1.4 billion of the world's population live in poverty.  The "poverty line" is living entirely on an amount approximately equivalent to AU$2 per day.  Not for food, but for everything.  Housing, medication, education, clothing, food, drink, transport... everything.  That figure is not calculated using an exchange rate but rather PPP (purchasing power parity), that is to say what you can buy in Australia for $2; so that's not very flash.  And it's not to say that people living below the poverty line spend $2 per day to buy stuff.  Rather, that is the value of the items included in the calculation.  It includes items they grow at home, begging for food, taking scraps from the rubbish etc. etc.

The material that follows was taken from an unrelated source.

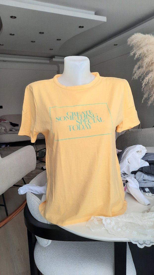 Pastel sarı pamuklu tişört, salaş kesim ve kısa kolludur. Baskılı ve yuvarlak yakalı, günlük kullanıma uygun rahat bir modeldir.

So this leads me to my point.  The rules.  People have said to me "Can't you just get free food?  Like go to your Mum's for tea?".  No.  Not unless I count the value of that food into my $2.  "Can't you just pick apples off the neighbour's tree?"  No.  Not unless I count the value of that food into my $2.  "Could you set up busking outside the shopping centre and then use that money to buy takeaways?"  No.  Not unless I count the value of that food into my $2.  "What about the timtams that Deb puts in the cookie jar for you at work?" Nope.  No I can't eat them.  I could probably look at them, perhaps I could crack open the lid a little and smell the delicious chocolatey smell.  Probably not a smart idea, to be honest.



But I will still be living in my home, putting on the heater at night, brushing my teeth and cooking in my pretty blue pots.

So look forward to a hungry, tired and cranky Victoria.  But a grateful Victoria that I can go home and sleep in my warm dry bed.